Practice dilemma: A difficult patient wants to register with your practice

A patient with multiple health problems refuses to be seen by female or Asian doctors.

Practice dilemma (Photo: iStock)
Practice dilemma (Photo: iStock)

The dilemma

A patient with mental health problems and poorly controlled diabetes with multiple complications wants to register at the surgery. After warnings from a number of local practices, he has been removed as a patient because of his behaviour. He insists he does not want to be seen by any female or Asian doctors. However, he clearly needs access to good primary care services. How would you respond to his request?

A GP's response

Dr Louise Newson is a GP in the West Midlands

It is important to meet the patient to discuss this. You may prefer a colleague to be present too, for example, your practice manager.

The first question is the patient's medical history. It is important to obtain as much information as possible about his diagnosis, treatment and compliance. His mental health problems may be contributing to his poorly controlled diabetes. You should explore his understanding of his diabetes and its management to find out why it is not well controlled.

You also need to find out why he has been removed from other practice lists. Has he been verbally or physically abusive? Has he been unnecessarily demanding?

You will have to decide if it is acceptable to take on a patient who will not see female or Asian doctors. Patients often ask to see a GP of the same gender; although this may be feasible for routine appointments, you need to determine what would happen if only female GPs were available. Find out if he would see female practice nurses and explore why he is so specific about who he sees.

You may then decide to discuss his case in a partnership meeting.

A medico-legal opinion

Dr Zaid Al-Najjar is a medico-legal adviser at the Medical Protection Society

Although your immediate reaction may be that the patient's requests are offensive, he does need medical care for chronic conditions.

Under the GP contract, practices with an open list may only refuse a patient on reasonable grounds. This patient is not currently displaying challenging behaviour, so it would be difficult for a refusal to be considered reasonable.

If it is possible that his health problems might affect his behaviour, this should be taken into account. The GMC's Good Medical Practice states that doctors must treat patients and colleagues without discrimination.

If on further enquiry it is felt that his behaviour is unrelated to a medical condition, the practice should discuss his application with NHS England's local area team to see what support it may be able to provide.

It would be helpful to establish why the patient refuses to be seen by Asian or female doctors - is it a past difficulty or is this wholly discriminatory behaviour? Once this is established, the practice should decide whether the request is reasonable.

If you accept this patient, you should set him some ground rules. If he has a record of violent or threatening behaviour, the practice should take appropriate measures to safeguard staff.

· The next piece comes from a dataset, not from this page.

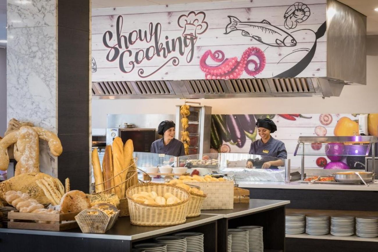 Ресторантът на шведска маса сервира каталунски, испански и международни ястия. Има и бар, а вечерните забавления включват музика на живо.

The patient should be informed that the practice will do its best to cater for his preference, but that in emergencies or at short notice, it may be impossible to do so.

A patient's opinion

Danny Daniels is an expert patient

A pre-registration meeting should be arranged with the patient. If possible, a relative or friend should accompany him during this and any future visits to the practice.

At this meeting, you will have the opportunity to begin to understand the patient's needs and expectations, and gain insight into his problems.

The main aim of the meeting is to clarify what is acceptable in your practice. If you have a Patients' Charter in place, this could serve as the basis for your conversation.

This should be seen as the first step in building a relationship, which is, in itself, a two-way process.

It might be a good idea to meet practice partners and staff to discuss the case before meeting the patient and give feedback afterwards.

It is important to be consistent in all elements of the patient's dealings with staff. If an agreement is reached and registration sanctioned, it must be considered a good idea to evolve a plan that builds on this initial meeting, to enhance trust.

Gradually, the problems concerning his medical conditions can be broached and, hopefully, resolved.

There is a time element involved but if positive outcomes can be achieved, the time spent may be viewed as worthwhile. Reluctance to see female or Asian doctors is a separate matter - the patient's health is the top priority.